The Covid-19 pandemic has, understandably, knocked Brexit off the front pages. But the UKs decision to leave the EU is perhaps more relevant than ever.
Firstly, it means the UK will probably be towards the back of the queue when a vaccine is eventually ready to be rolled out, while secondly – and more crucially for broader collaboration in science – it’s highlighting the impact of UK expertise being excluded from international research programmes.
Current best estimates put a delivery date for a vaccine 12-18 months away – beyond the Brexit transition period – meaning that the UK is likely to be outside the authority of the EU’s medicines regulator, the European Medicines Agency (EMA). The frantic rush to be first in line to secure the vaccine has already prompted President Trump to try to secure exclusive supplies for the US, while the EU also wants to ensure its member states are at the front of the queue.
Both will offer more lucrative markets to a drug company or vaccine maker, with populations of 330 million in the US and 440 million in the EU, compared to just 66 million in the UK. The pandemic has already delayed the ongoing Brexit negotiations – if they are further delayed and there is no alignment of some form with the EMA approval process, drugmakers will likely be minded to prioritise the EU market and seek EMA ratification first, rather than submitting a vaccine to the UK’s Medicines and Healthcare Regulatory Agency for approval.
So will this conundrum, and the potential fall-out, make the UK government think twice about cutting further ties with EU science?

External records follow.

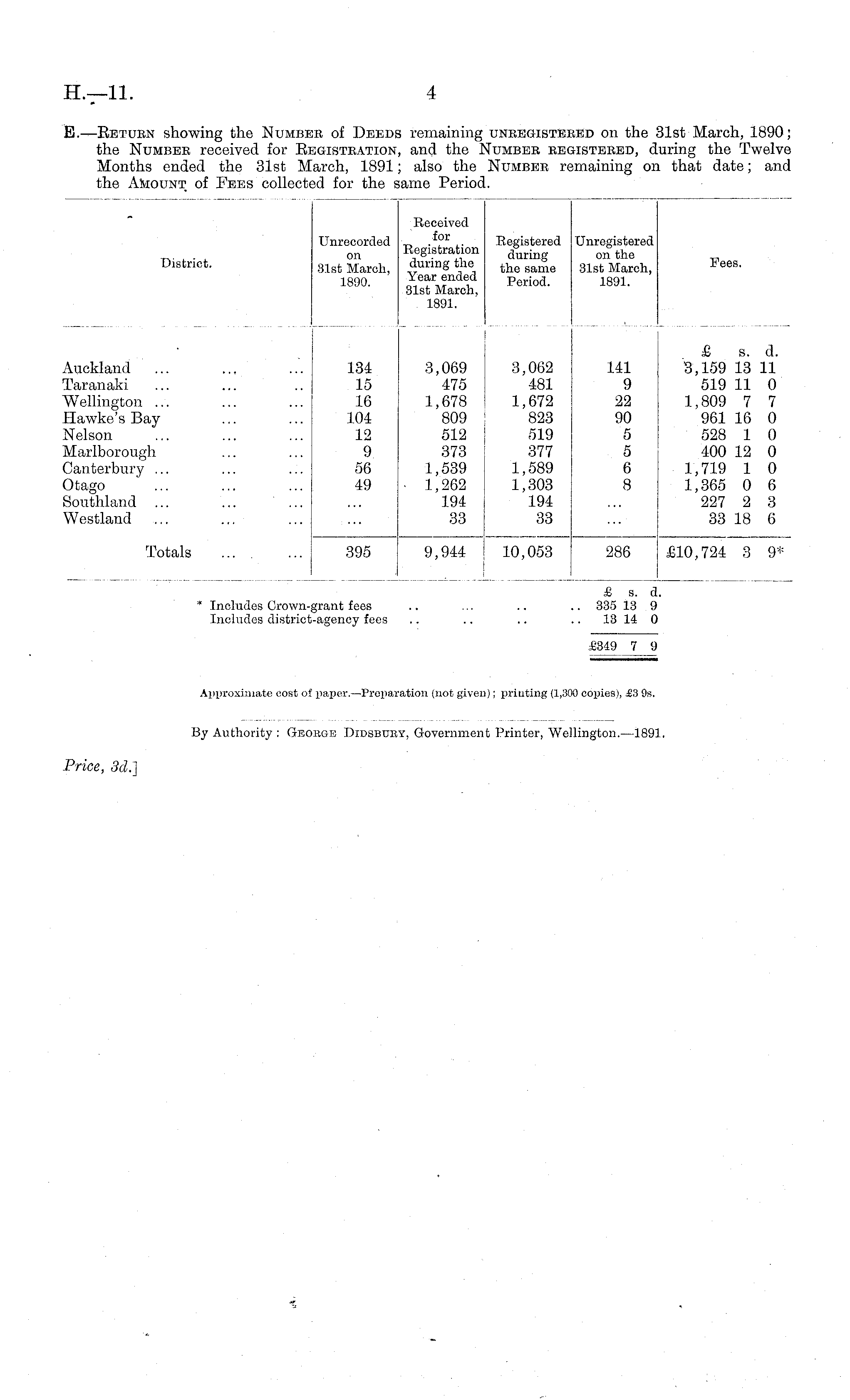E.—Return showing the Number of Deeds remaining unregistered on the 31st March, 1890; the Number received for Registration, and the Number registered, during the Twelve Months ended the 31st March, 1891; also the Number remaining on that date; and the Amount of Fees collected for the same Period.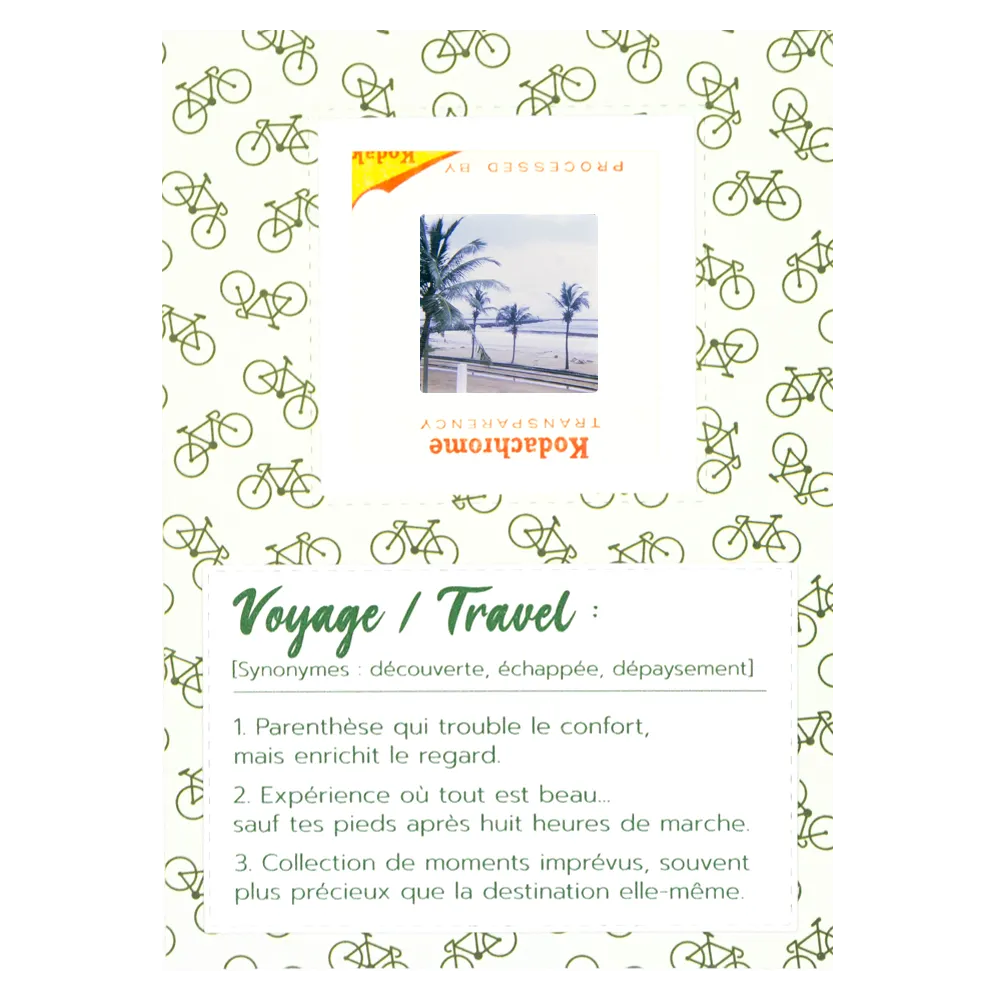 À offrir pour célébrer un esprit aventurier, accompagner une cagnotte de voyage ou simplement envoyer un souffle d’ailleurs à ceux qui aiment pédaler loin… très loin.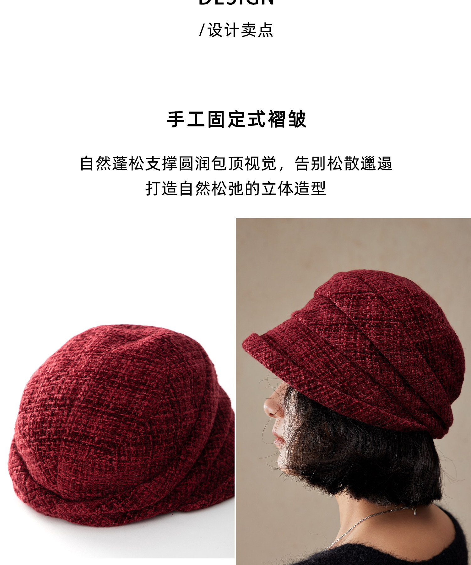 【南国の冬】厚手のベレー帽、プリーツ加工のレトロでおしゃれな帽子、秋冬の万能アイテム、女性向け新作、小顔効果あり
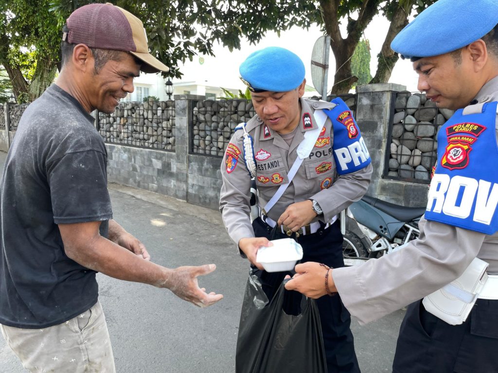 Dalam kegiatan bakti sosial hari ini Si Propam Polres Garut membagikan nasi kotak yang di berikan kepada tukang becak, pedagang asongan dan lainnya.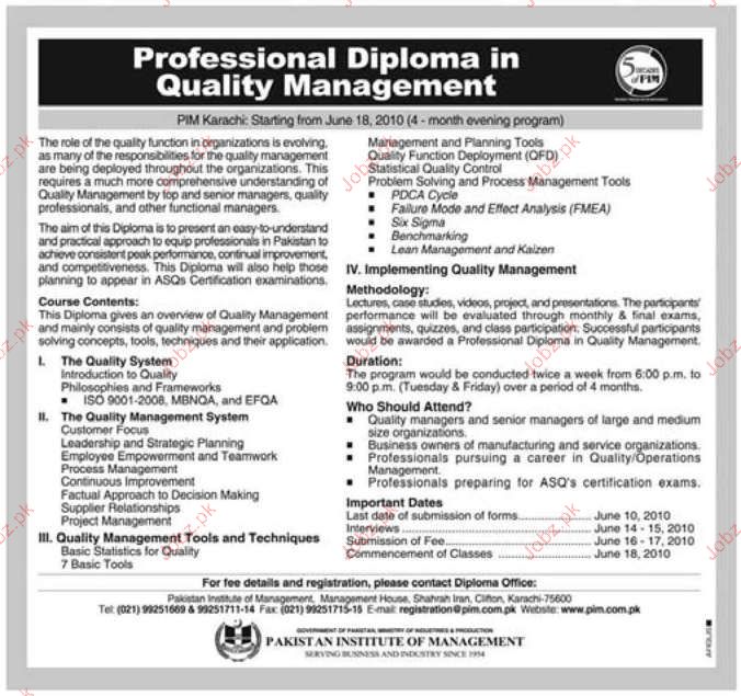 Professional Diploma in Quality Management in PIM Karachi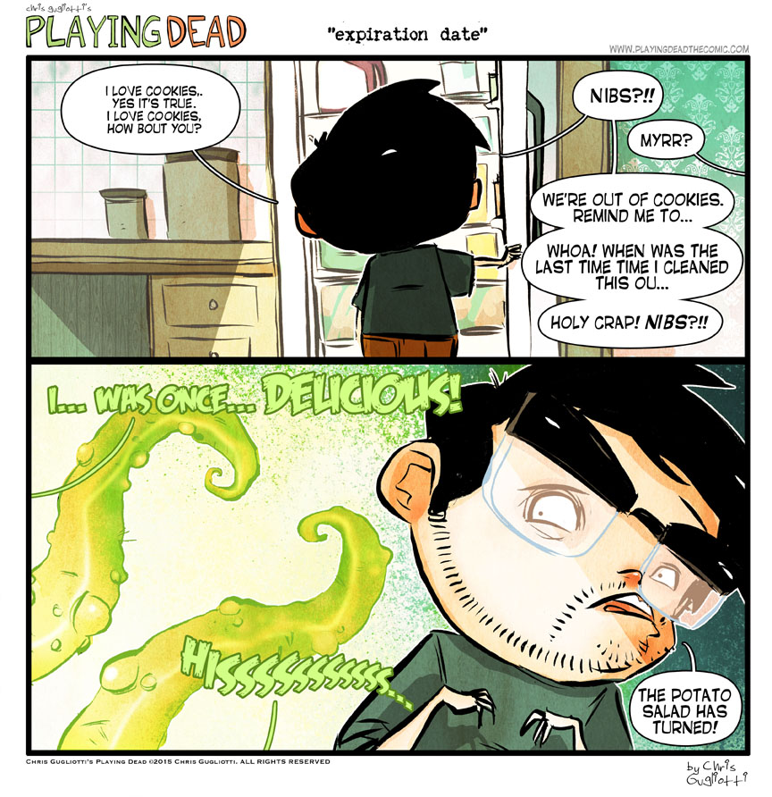 Expiration Date by cgugliotti on July 28, 2015 at 9:00 am Chapter: comics In which leftovers are either thrown out or live long enough to become the bad guy. └ Tags: anxiety, autobiographical, chris gugliotti, comic, comic strip, dachshund, dog, expiration date, expired, expired food, fantasy, food, friendship, gross, harrison ford, horror, introspection, leftovers, life, man's best friend, nibbles, playing dead, science fiction, spoiled food, tentacles, web comic, Web comics, webcomic, webcomics, wtf Comments Off on Expiration Date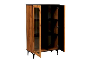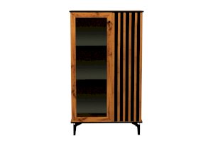 Шкаф визуально разделен на две части. В самом шкафу все просто – левое пространство за стеклом, правое – закрытое. Внутри – по три полки из ЛДСП. Каждая выдерживает вес до 5 кг. Стеклянная дверца обрамлена рамкой в цвет дерева, закрытая – с визитной карточкой коллекции –   с реечным фасадом. Они разной ширины, так как левая часть, по традиции коллекции, шире, а правая – уже. За стеклом отлично смотрится посуда и сувениры, за закрытой дверцей – книги.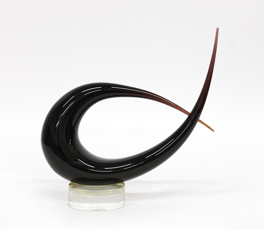 Formia Scultura astratta in vetro massello ametista con base incollata in vetro incolore. Murano, anni 70. Firmata all’acido e a punta sotto la base e recante etichetta della manifattura (l cm 33, h cm 33)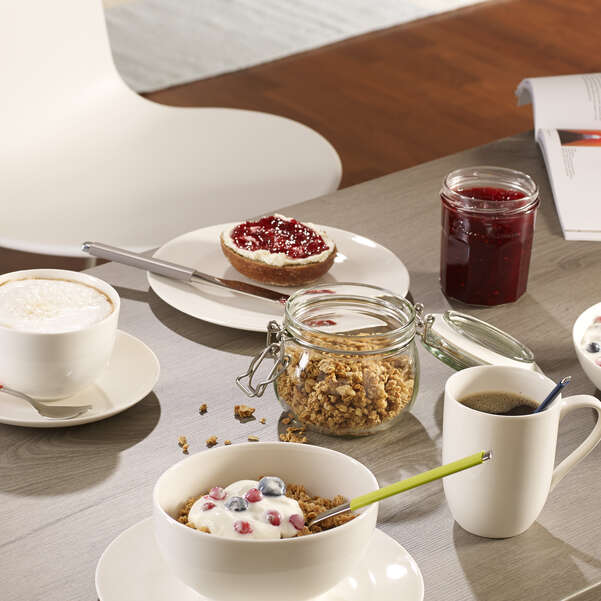 The timeless For Me collection is the all-around talent for everyday. From breakfast through to dinner, the simple, white porcelain offers countless combination options, for example with the gaily coloured Colourful Life collection. Serve bread specialities, be it rye bread, baguette or ciabatta, on the right bread plate with your meal. Complement your Villeroy & Boch crockery set.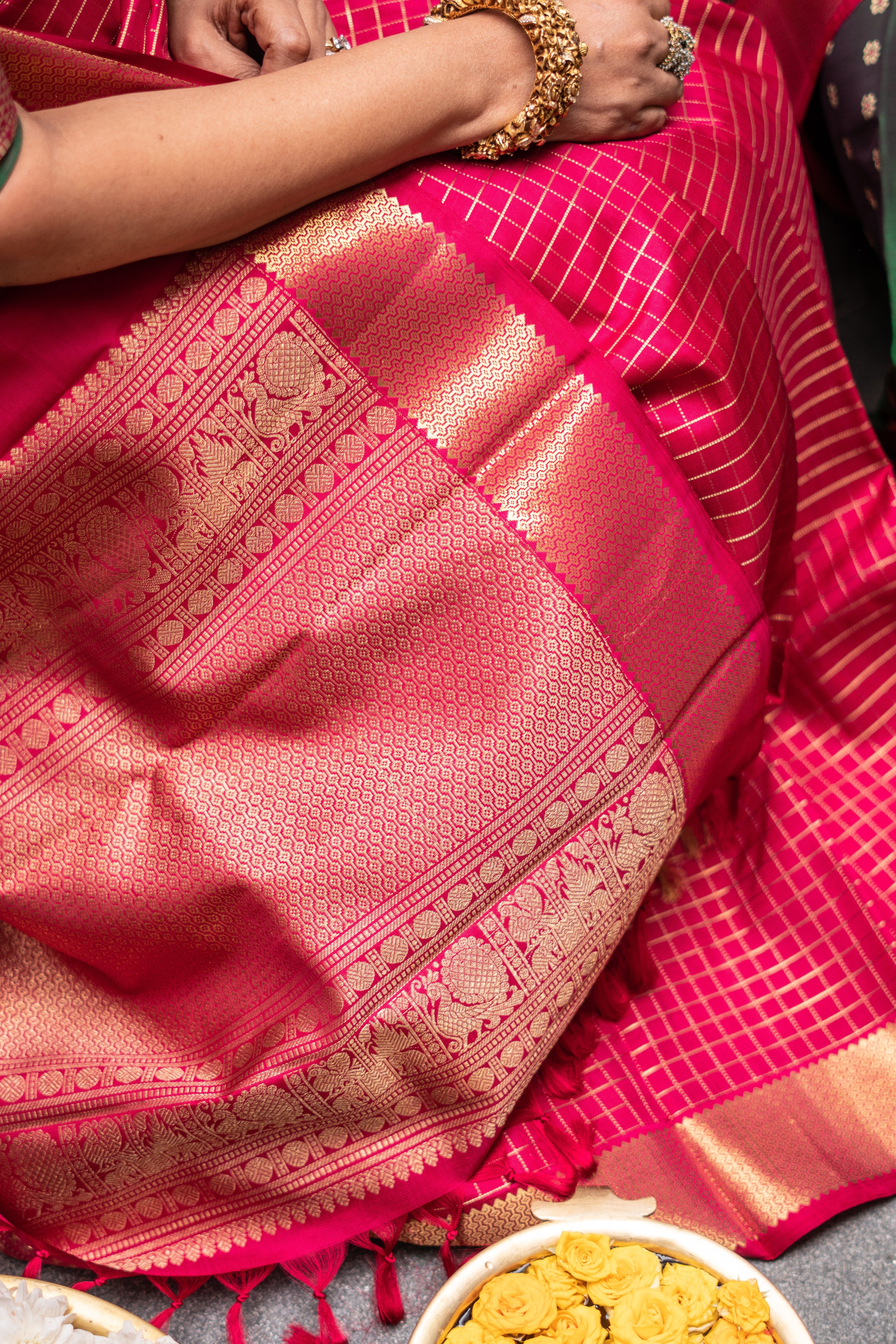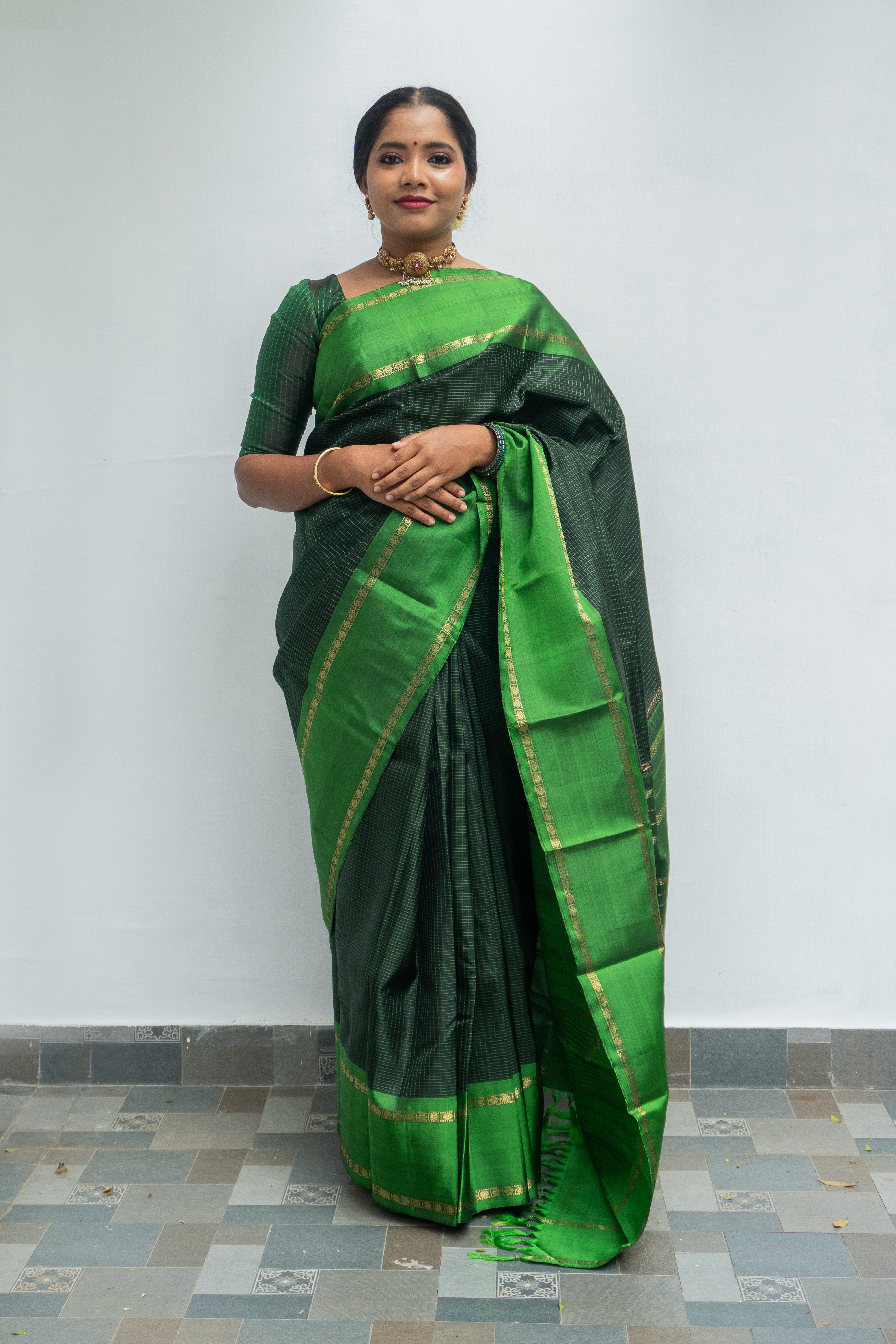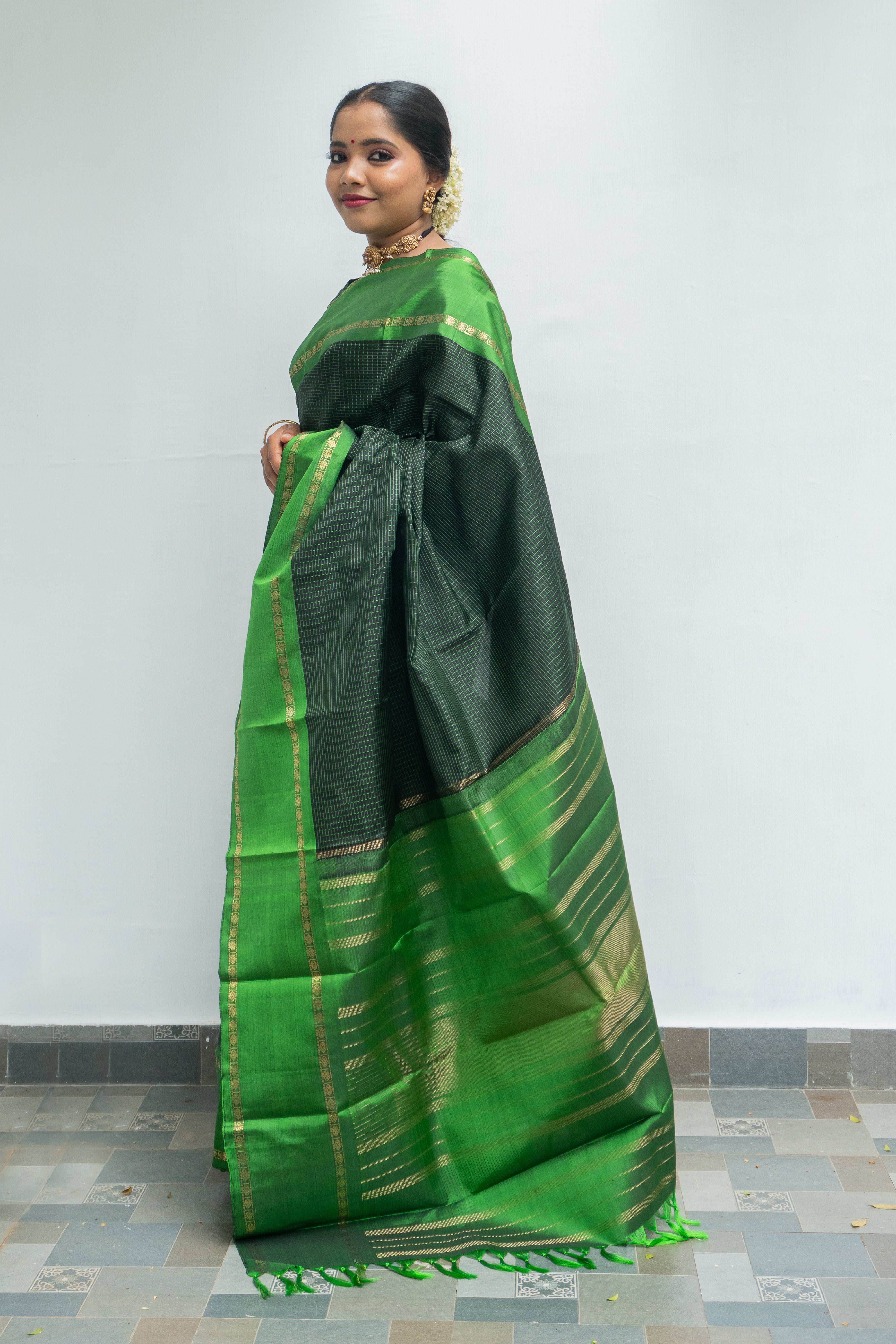Arakku Kanjivaram Silk Saree with Zari Checks

Disease respects no borders, so collaboration across country and political lines is essential for tackling issues like Covid-19
The UK has a proud record of cutting-edge research and discovery in science and medicine. The likes of Sir Alexander Fleming (discoverer of penicillin), Dr Patrick Steptoe and Dr Robert Edwards (pioneers of IVF) and Godfrey Newbold Hounsfield (inventor of the CT scanner) have been responsible for some of the most ground-breaking discoveries and inventions that have revolutionised healthcare. Scientists in Europe, like myself, have long valued collaborations with our UK counterparts because of such expertise. But last month, Christian Ehler, a leading German MEP, expressed the fears that many scientists across Europe share: that the disruption from the pandemic will lead to a failure to see out a Brexit deal by the end of the year, thereby isolating UK experts from future research programmes.
As Ehler said: “Current events only underline how important it is to have UK in the EU research programme. We should do all we can do to get an agreement this year. UK researchers are already in a limbo state and are being excluded from consortia. This would get worse if there’s no deal.”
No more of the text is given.